Work instruction:
An exact transcription of the lines from the one holding "Use your fingers" to the end of the entries below, and nothing more, is the required answer. Please omit the pictures.

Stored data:
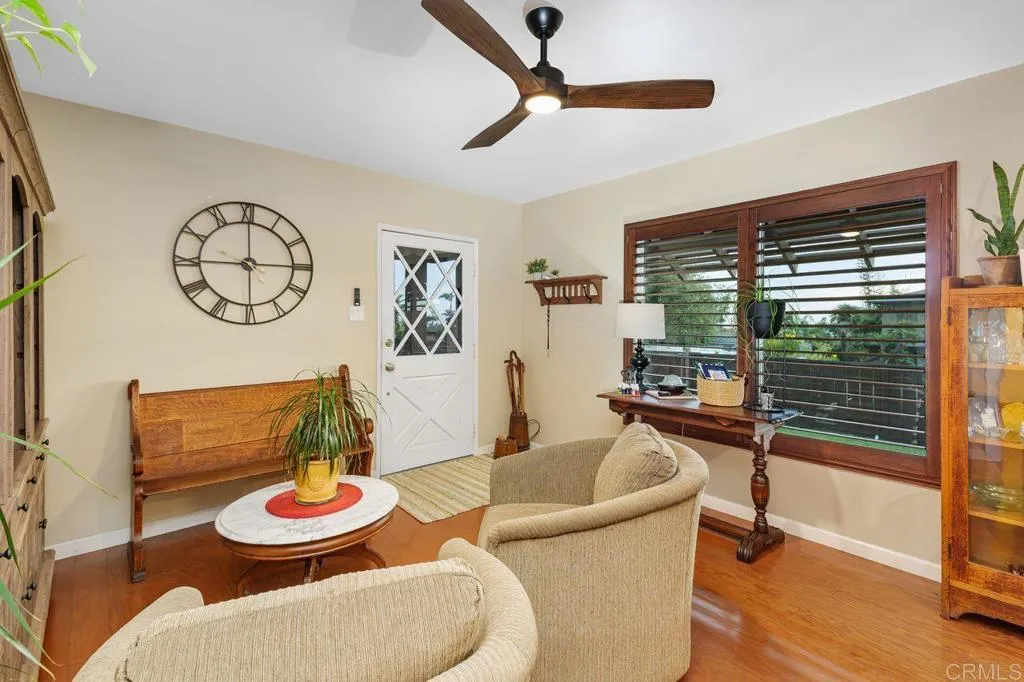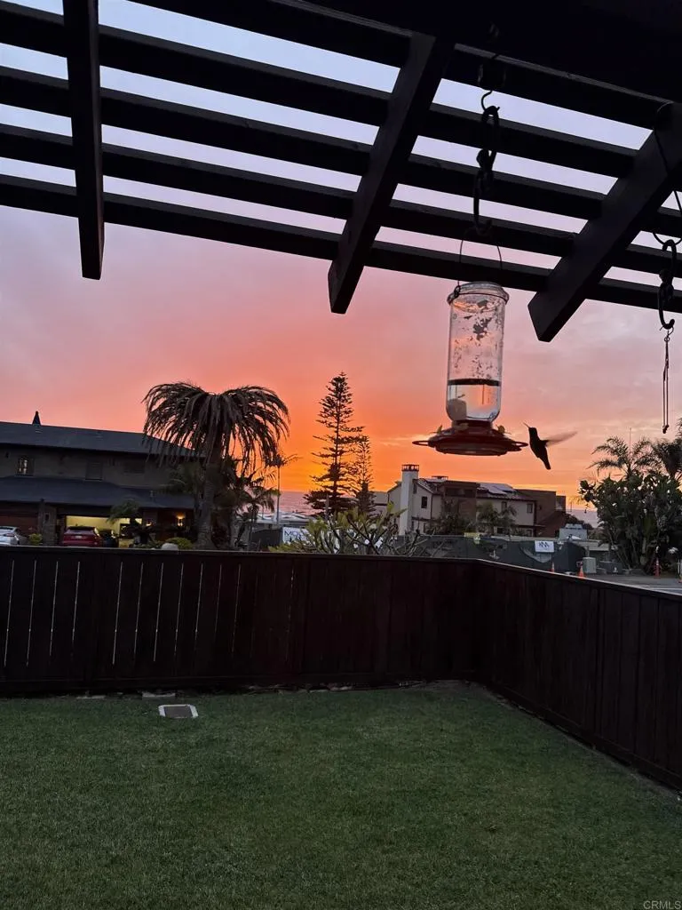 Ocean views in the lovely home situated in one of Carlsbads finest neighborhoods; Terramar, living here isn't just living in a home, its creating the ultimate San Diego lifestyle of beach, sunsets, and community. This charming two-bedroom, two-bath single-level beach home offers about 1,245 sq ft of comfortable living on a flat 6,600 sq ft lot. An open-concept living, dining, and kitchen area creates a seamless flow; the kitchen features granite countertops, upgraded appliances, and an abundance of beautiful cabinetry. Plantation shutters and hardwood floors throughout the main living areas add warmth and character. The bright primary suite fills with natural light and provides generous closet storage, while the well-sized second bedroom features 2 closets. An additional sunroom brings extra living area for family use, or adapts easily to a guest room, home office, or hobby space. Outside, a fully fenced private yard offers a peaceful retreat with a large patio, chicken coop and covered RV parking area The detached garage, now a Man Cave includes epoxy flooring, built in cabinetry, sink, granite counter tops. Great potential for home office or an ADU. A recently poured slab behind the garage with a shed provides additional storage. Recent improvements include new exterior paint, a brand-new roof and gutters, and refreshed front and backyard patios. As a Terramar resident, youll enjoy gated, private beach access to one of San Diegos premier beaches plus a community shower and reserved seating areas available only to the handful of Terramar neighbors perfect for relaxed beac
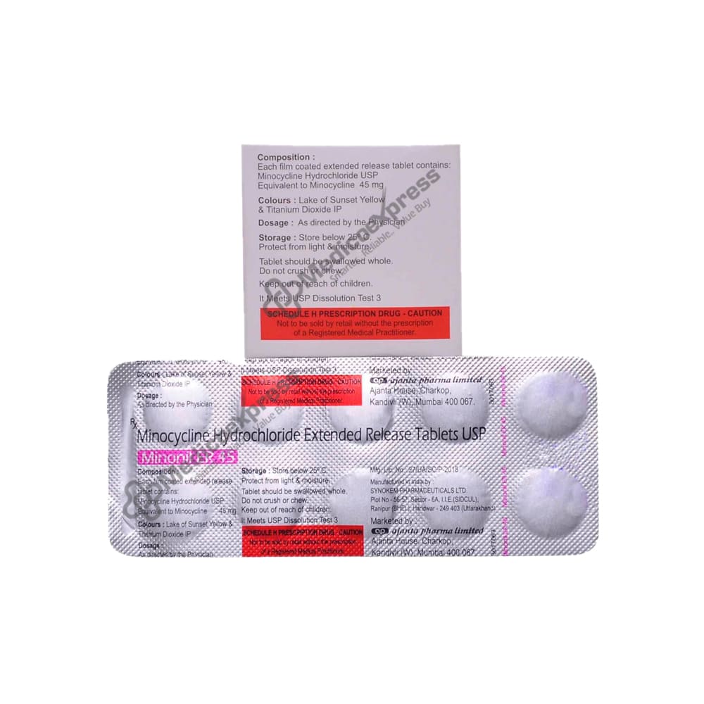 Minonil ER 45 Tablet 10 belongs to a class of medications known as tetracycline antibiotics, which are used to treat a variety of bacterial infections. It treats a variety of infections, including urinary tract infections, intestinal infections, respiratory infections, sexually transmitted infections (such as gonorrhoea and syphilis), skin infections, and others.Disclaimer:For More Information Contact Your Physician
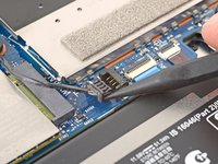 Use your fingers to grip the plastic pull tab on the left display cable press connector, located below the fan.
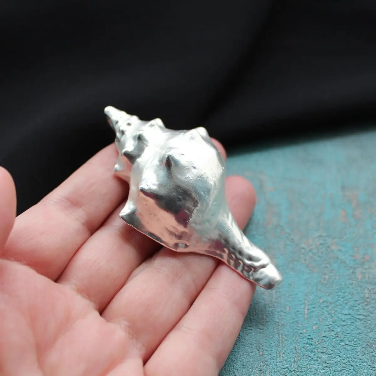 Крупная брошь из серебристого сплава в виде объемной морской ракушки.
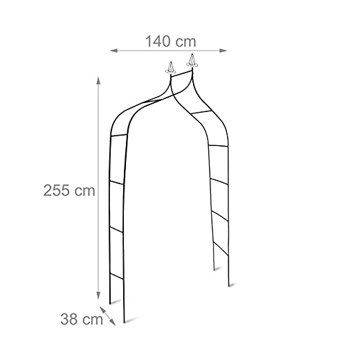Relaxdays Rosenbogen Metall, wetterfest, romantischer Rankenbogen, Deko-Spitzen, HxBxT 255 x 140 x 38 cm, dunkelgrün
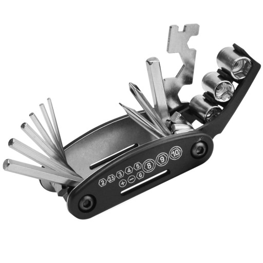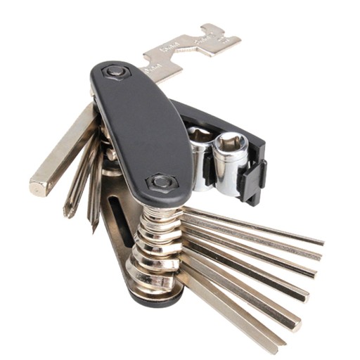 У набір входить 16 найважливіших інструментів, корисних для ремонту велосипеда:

Solution for this problem:
 Use your fingers to grip the plastic pull tab on the left display cable press connector, located below the fan.
 Крупная брошь из серебристого сплава в виде объемной морской ракушки.
Relaxdays Rosenbogen Metall, wetterfest, romantischer Rankenbogen, Deko-Spitzen, HxBxT 255 x 140 x 38 cm, dunkelgrün
 У набір входить 16 найважливіших інструментів, корисних для ремонту велосипеда:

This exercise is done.